**much appreciated comments**

…….. and I’ll begin with a neighbor who, in response to my book’s assertion that gaming and media hosts are multi-tasking your computer while it is used for your pleasure, asked: ‘Why should we worry if our kids play games allowing the service provider to use the computer for other purposes while the game is going’, (left unsaid) ‘including, but not limited to, implanting sales generating and promotional cookies, use in the production of cyber-cash aka bitcoin among other WWW.com interests, such as in a slave server to manipulate the stock market, or flood the political arena with opinion.’

In response, I’d say: it is tantamount to letting your 2 year-old drive your car.

There was a class action law suit against MacDonald’s for their use of a playground to attract the children who in turn would pester their parents to go to that restaurant.
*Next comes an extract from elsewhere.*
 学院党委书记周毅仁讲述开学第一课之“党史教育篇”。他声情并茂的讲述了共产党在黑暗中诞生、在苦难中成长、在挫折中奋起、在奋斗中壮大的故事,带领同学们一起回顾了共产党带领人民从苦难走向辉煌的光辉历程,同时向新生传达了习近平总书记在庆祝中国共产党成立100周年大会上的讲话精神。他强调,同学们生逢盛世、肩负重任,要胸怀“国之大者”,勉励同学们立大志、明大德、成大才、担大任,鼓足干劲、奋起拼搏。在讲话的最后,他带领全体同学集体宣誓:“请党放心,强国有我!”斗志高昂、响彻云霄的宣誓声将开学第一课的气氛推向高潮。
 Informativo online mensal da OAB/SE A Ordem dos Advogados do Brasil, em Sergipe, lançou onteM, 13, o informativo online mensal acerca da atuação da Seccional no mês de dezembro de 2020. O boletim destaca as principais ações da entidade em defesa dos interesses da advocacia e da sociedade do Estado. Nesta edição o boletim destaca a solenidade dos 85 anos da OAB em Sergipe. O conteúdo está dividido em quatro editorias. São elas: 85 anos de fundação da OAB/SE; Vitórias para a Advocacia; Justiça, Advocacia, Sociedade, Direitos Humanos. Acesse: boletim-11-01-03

In that case the possibility of an accident swayed the legislation and the restaurant no longer has the playground feature.

The same type of loss of parental control will likely occur (and in a more perverse and subversive way)  if we allow social media to present attractions which take our young into another realm and use their under developed emotive forces to hold their attention and the computer they are using in sync with the providers ulterior motives. I would think this has the potential to undermine the conservation of developmental energies at all levels. Certainly investigation into the source of the media streaming should be employed and the content appraised. but there are other more subversive psychological issues at stake – it becomes ritualistic and addictive in it’s neurotransmitter stimulation. the rewards are formidable to a young mind, and can produce unwarranted neurological and emotional disparities, let alone habits that will blossom later in life.

This is surely going to be sorely evident as ‘A I’ becomes a common source of entertainment for our youth. Close supervision and limits should be employed in the use of these handy and beneficial (if used prudently) tools for the education and upbringing of the next generations.